I'd like to thank again the membership and the SOTW Admin Team for another successful year we left behind. During 2009 the performance bottlenecks were resolved by making a major investment in the server configuration. Now we have room for growth, but the configuration change meant almost 200% increase in monthly server rent. Luckily our advertisement sponsors have been loyal. Also now in the beginning of 2010 the donations started to come in. Thanks to all contributors.

We are ahead for a major upgrade in forum platform sw. It is currently tested to see if all SOTW specific modifications can be implemented.

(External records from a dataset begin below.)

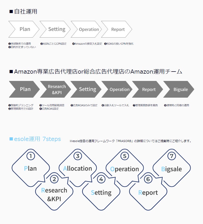 Amazonの広告運用はほぼ広告経由売上の改善を視点においている運用になっており、ブランド成長に好影響を与えているとは言えないです。esoleでは大手総合代理店でAEとしてカテゴリーNo.1ブランドを支援していた経験を活かし、ブランドコミュニケーションプランに沿った運用で、ブランド成長を目的とした継続的なAmazon売上成長に視点をおき、Amazon広告運用を支援していきます。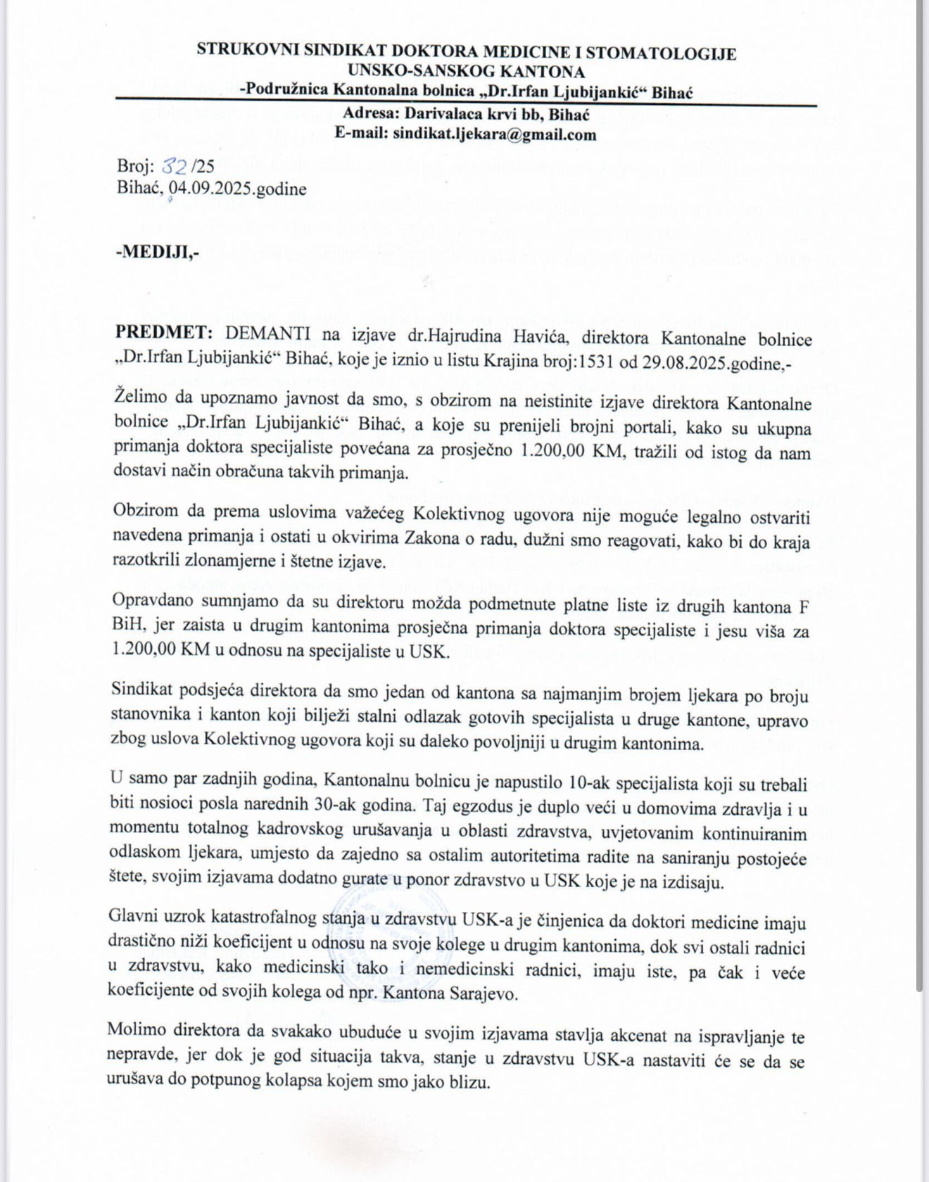 Strukovni sindikat doktora medicine i stomatologije USK demantovao je izjave direktora Kantonalne bolnice „Dr. Irfan Ljubijankić“ dr. Hajrudina Havića da su ukupna primanja specijalista povećana za prosječnih 1.200 KM. Sindikat ističe da takvo povećanje nije moguće ostvariti prema Kolektivnom ugovoru te da su ove tvrdnje netačne i obmanjuju javnost.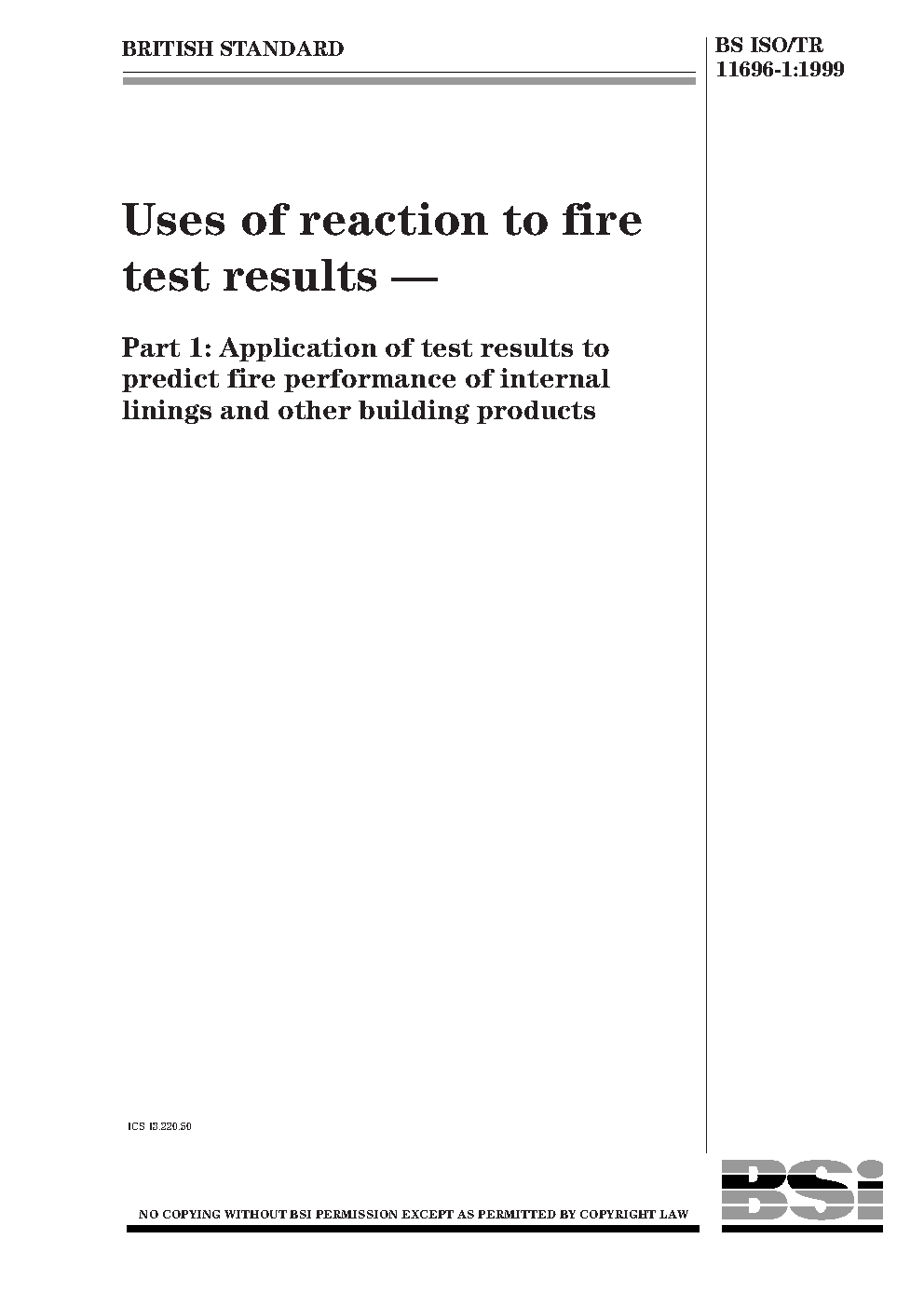 Uses of reaction to fire test results Application predict performance internal linings and other building products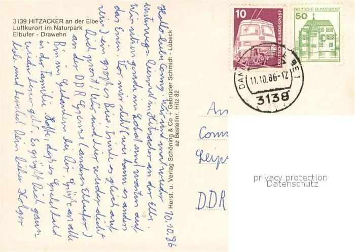 Hitzacker_Elbe Kirche Elbufer Drawehn Hitzacker Elbe postalisch gelaufen 1986 Erhaltung siehe scans [WerneD78] WernPID7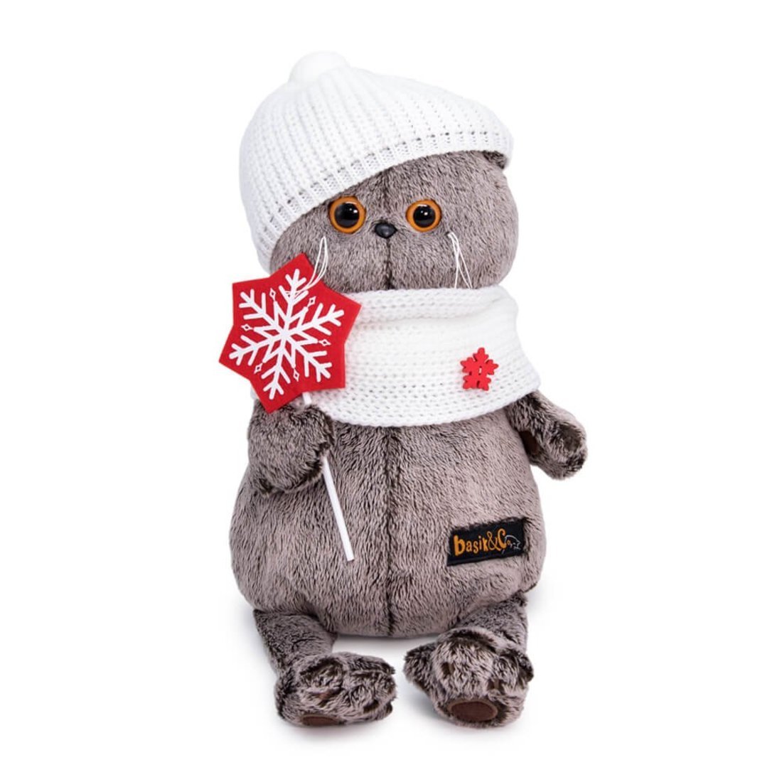 Кот Басик в милом вязаном комплекте — белоснежном снуде и шапочке с помпоном. Снуд украшен деревянной красной снежинкой. В лапках Басик держит красную звездочку из фетра с белой снежинкой на палочке. Игрушка поставляется в закрытой подарочной коробке, подвязанной атласными лентами.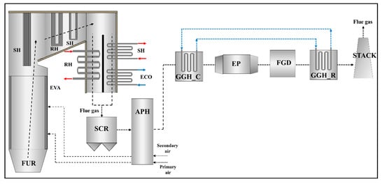 Figure 2 presents the material flows and components of the target power plant, consisting of the boiler system and post-gas flow system. In the boiler system, there is a series of heat exchangers, including a once-through evaporator (EVA) in the furnace, an economizer (ECO), three superheaters (SH), and two reheaters (RH). The post-gas flow system is composed of the SCR, rotary type APH, GGH_C, electrostatic precipitator (EP), FGD, and a tube-type GGH_R. The flue gas generated by combustion in the furnace is discharged from the boiler after transferring heat to the heat exchangers. In the target boiler, the convective heat exchanger section has a 2-pass gas flow. The discharged flue gas flow from the boiler flows into the post-gas flow system. Nitrogen oxides in the flue gas are removed by the SCR and the flue gas transfers its heat to the air in the APH. The flue gas is then cooled to conform to the optimum operating temperature of the FGD in the GGH cooler. The cooled flue gas flows into the EP and FGD, where dust and sulfur dioxide are removed, respectively. Finally, to disperse the flue gas from the stack to the atmosphere, the flue gas is reheated in the GGH reheater and is discharged to the stack.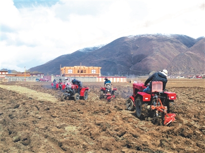 本網(wǎng)訊(唐書偉 攝影報道)正值春耕時節(jié),甘孜縣南多鄉(xiāng)非貧困村俄絨村的田地里機(jī)器轟鳴,新翻的泥土彌漫著濃濃的春意。在鄉(xiāng)黨委政府的帶領(lǐng)下,村民們忙著種植劍舌豌豆,一派忙碌景象。 據(jù)悉,甘孜縣黨委、政府在脫貧攻堅工作中堅持一個村都不拉下,不僅僅抓好今年退出村的產(chǎn)業(yè)發(fā)展,還為非貧困村爭取了近1000畝劍舌豌豆、紅豆草等種植項目。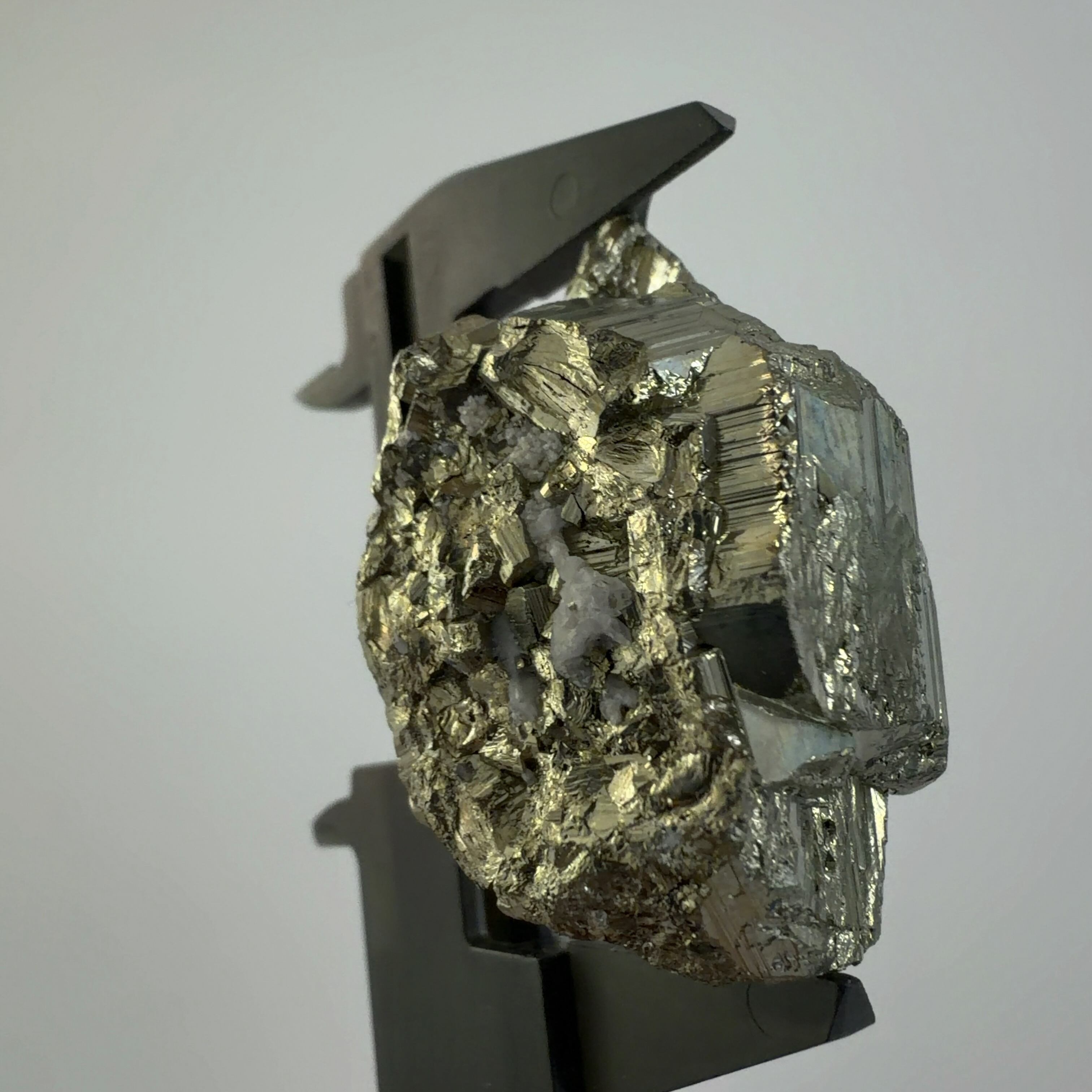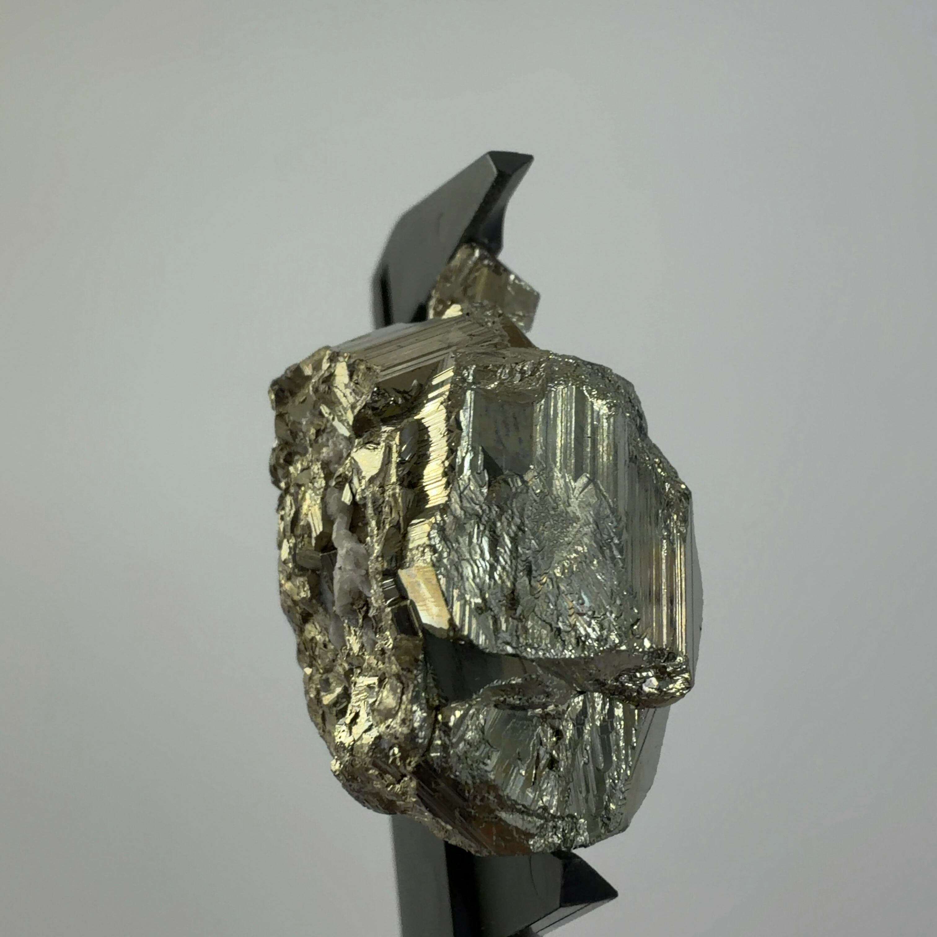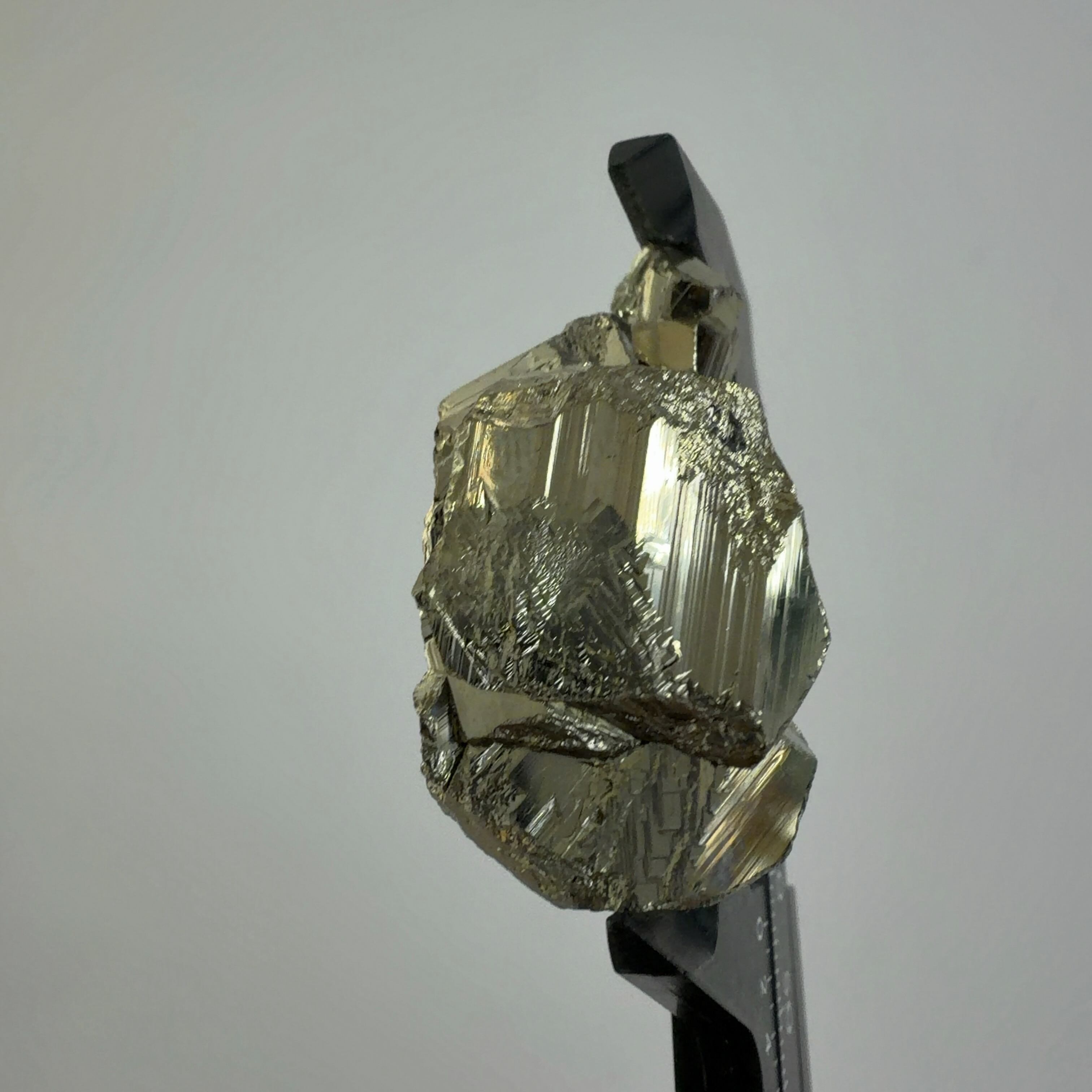 硫黄と鉄の化合物。黄金色の美しい光沢および、立方体、五画十二面体、八面体、二十四面体、又はそれらが合わさった形など様々な結晶をするので標本として人気があります。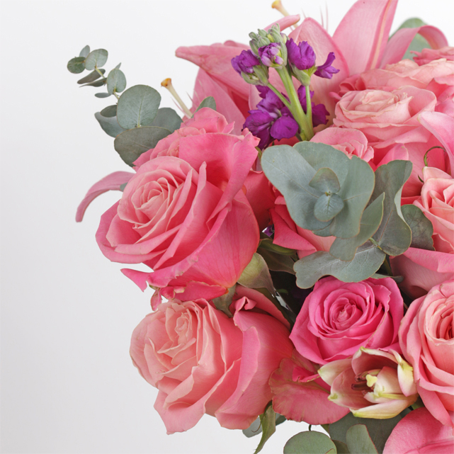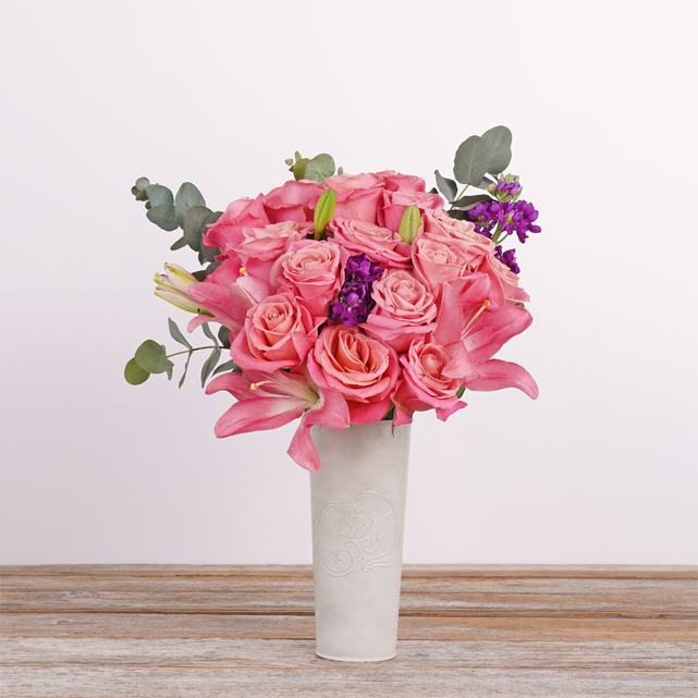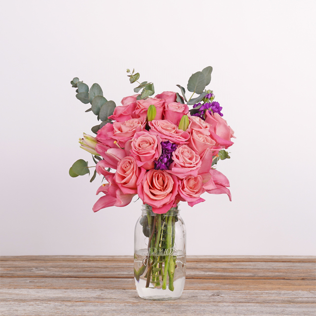 Feast your eyes on this sugar-spun confection. Pink roses, purple stock, eucalyptus, and pink Asiatic lilies are as fluffy and sweet as the perfect batch of cotton candy. These blooms are best paired with hugs and kisses.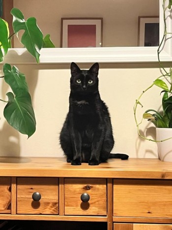 Samiec czarnej maści, biały mały krawacik, zielone oczy,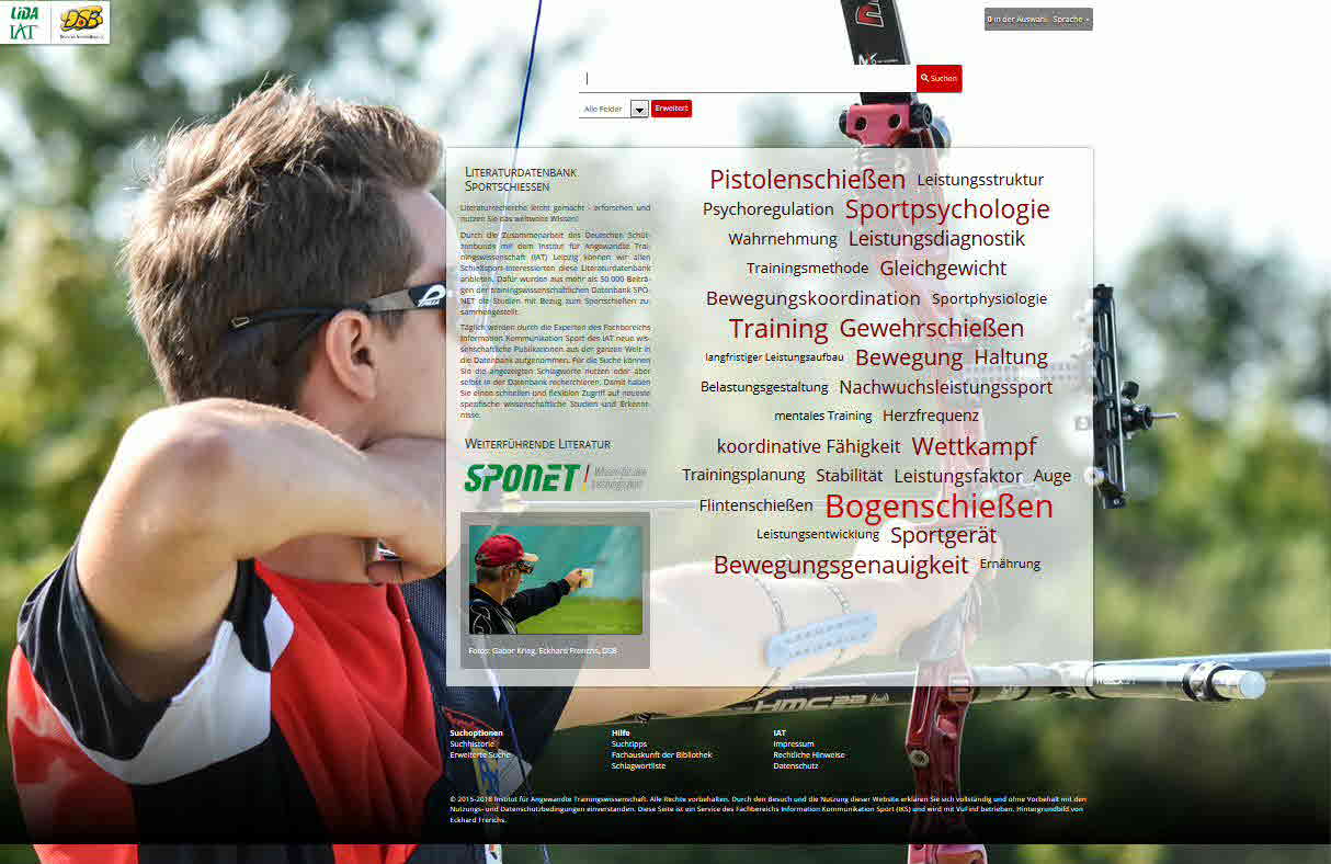 Literaturrecherche leicht gemacht - das weltweite Wissen erforschen und nutzen! Durch die Zusammenarbeit des Deutschen Schützenbunds mit dem IAT Leipzig können wir allen Interessierten am Pistolen-, Gewehr-, Flinten- und Bogenschießen diese Literaturdatenbank anbieten. Dafür wurden aus den gut 52.000 Beiträgen der trainingswissenschaftlichen Datenbank SPONET die Studien mit Bezug zum Sport- und Bogenschießen zusammengestellt. Täglich werden durch die Experten des Fachbereichs Information Kommunikation Sport des IAT neue wissenschaftliche Publikationen aus der ganzen Welt in die Datenbank aufgenommen. Für die Suche können Sie die angezeigten Schlagworte nutzen oder aber selbst in der Datenbank recherchieren. Damit haben Sie einen schnellen und flexiblen Zugriff auf neueste wissenschaftliche Erkenntnisse.

Please stay tuned and prosperous New Year,
Harri and the SOTW Team


----------



## DaddyRabbit (Sep 17, 2007)

Thank *YOU*, Harri for this wonderful site and all your hard work. The improvements are very noticeable. :salute::salute:


----------



## Screamin' Wind (Jan 14, 2006)

Thanks Harri & to all your support staff for this marvellous forum...:salute:..:cheers:..:thumbrig:


----------



## gary (Feb 4, 2003)

I can only reinforce what the other two members posted. Your service to the saxophone and musical community is far and beyond the call of duty. Respect, Harri! :notworth:


----------



## evan1 (May 8, 2009)

Thanks Harri. I am relatively new to this site but i cant speak highly enough of it. Congratulations and happy new year.


----------



## Geminisax6115 (Feb 18, 2008)

Hi Harry from Murray Middleman (Geminisax6115) (on SOTW,) in Los Angeles ,my web site is www . murray middleman .com
Personal e-mail [email protected] murray middleman .com cell 0hone 626-818-2251 
I have been teaching and contacting my own gigs and working with other musicians around Los Angeles since 1982.. In October I played Alto Sax + -clarinet on tour with The Glenn Miller Orchestra .
I would like to know how I can ADVERTISE MY Executive Saxophone Lessons with Murray. I would like to teach on Skype (for players arourd the world),and locate interested player around Los Angeles 
P.S. There was a Fellow who posted on SOTW last night named Frank who wanter a teacher-near Hollywood .i would like to teach him ,but i can't find the link. can you send the info to me ?,(geminisax6115 )
Thanks Murray .... P.S. ,thanks for sign on to my linked -in group .


----------



## Johnny Padilla (Jan 2, 2010)

Harri Rautiainen,

I wish to express my respect and gratitude for creating such a great website and resource for the saxophone community. I wish you continued success and all the best in 2010.

Respectfully,

JP


----------



## Matt Otto (Oct 25, 2008)

Harry, thank you and happy new year! The new site looks great.


----------



## Rufusax (Jul 30, 2009)

Harri, Happy New Year to YOU and the Team. and thanks again for such a great site.................


----------



## Guest (May 31, 2010)

it's May but happy new year anyways


----------



## saxykid (May 2, 2011)

happy really really really late new years! XP


----------